Here is an example how it could be hacked (note: my cluster already Kerberized).
Now we are hacked. Fortunately, Hadoop has the capability to protect the network between clients and cluster. It will cost you some performance, but the performance impact should not prevent you from enabling the network encryption between clients and cluster.
Before enabling encryption I've run a simple performance test:
Both jobs took 3.7 minutes. Remember it for now.
Fortunately, Oracle Big Data Appliance provides an easy way for enabling network encryption with bdacli. You can set it up it with one command:
You will need to answer some questions about your specific cluster configs, such as Cloudera Manager admin password and OS passwords.

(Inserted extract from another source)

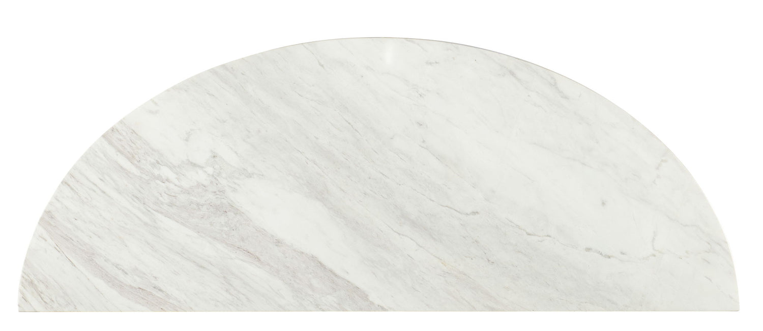 Architectural and timeless with a luxe mixture of materials, the Modern Mood Nightstand is a statement piece. Featuring a demilune shape and two self-closing drawers, the nightstand has a metal frame, legs and slender pulls and a white and gray marble top. The case is crafted of Oak Veneers and finished in the dark Mink color with wire-brush detailing.

After finishing the command, I ran performance test again:
and now I took 4.5 and 4.2 minutes respectively. The jobs perform a bit more slowly, but it is worth it.
For improved performance of transferring encrypted data, we may use an advantage of Intel embedded instructions and change encryption algorithm (go to Cloudera Manager -> HDFS -> Configuration -> dfs.encrypt.data.transfer.algorithm -> AES/CTR/NoPadding):
Another vulnerability is network interception during the shuffle (step between Map and Reduce operation) and communication between clients. To prevent this vulnerability, you have to encrypt shuffle traffic. BDA again has an easy solution: run bdacli enable hadoop_network_encryption command.
Now we will encrypt intermediate files, generated after shuffle step.
Like in the previous example, simply answer a few questions the encryption will be enabled.
Let's check performance numbers again:
we have 5.1 minute and 4.4 minutes respectively. A bit slower, but it is important in order to keep data safe.
All right, now we protected the cluster from external unauthorized access (by enabling Kerberos), encrypted network communication between the cluster and clients, encrypted intermediate files, but we still have vulnerabilities. If a user gets access to the cluster's server, he or she could read the data (despite on ACL). Let me give you an example.
Some ordinary user put sensitive information in the file and put it on HDFS:
Intruder knows the file name and wants to get the content of it (sensitive information).
The hacker found the blocks that store the data and then reviewed the physical files at the OS level. It was so easy to do. What can you do to prevent this? The answer is to use HDFS encryption.
Again, BDA has a single command to do enable HDFS transparent encryption: bdacli enable hdfs_transparent_encryption. You may find more details in MOS "How to Enable/Disable HDFS Transparent Encryption on Oracle Big Data Appliance V4.4 with bdacli (Doc ID 2111343.1)".
I'd like to note, that Cloudera has great blogpost about HDFS transparent encryption and I would recommend you to read it. So, after encryption had been enabled, I'll repeat my previous test case. Prior to running the test, we will create an encryption zone and copy files into that zone.
Bingo! The file is encrypted and the person who attempted to access the data can only see a series of nonsensical bytes.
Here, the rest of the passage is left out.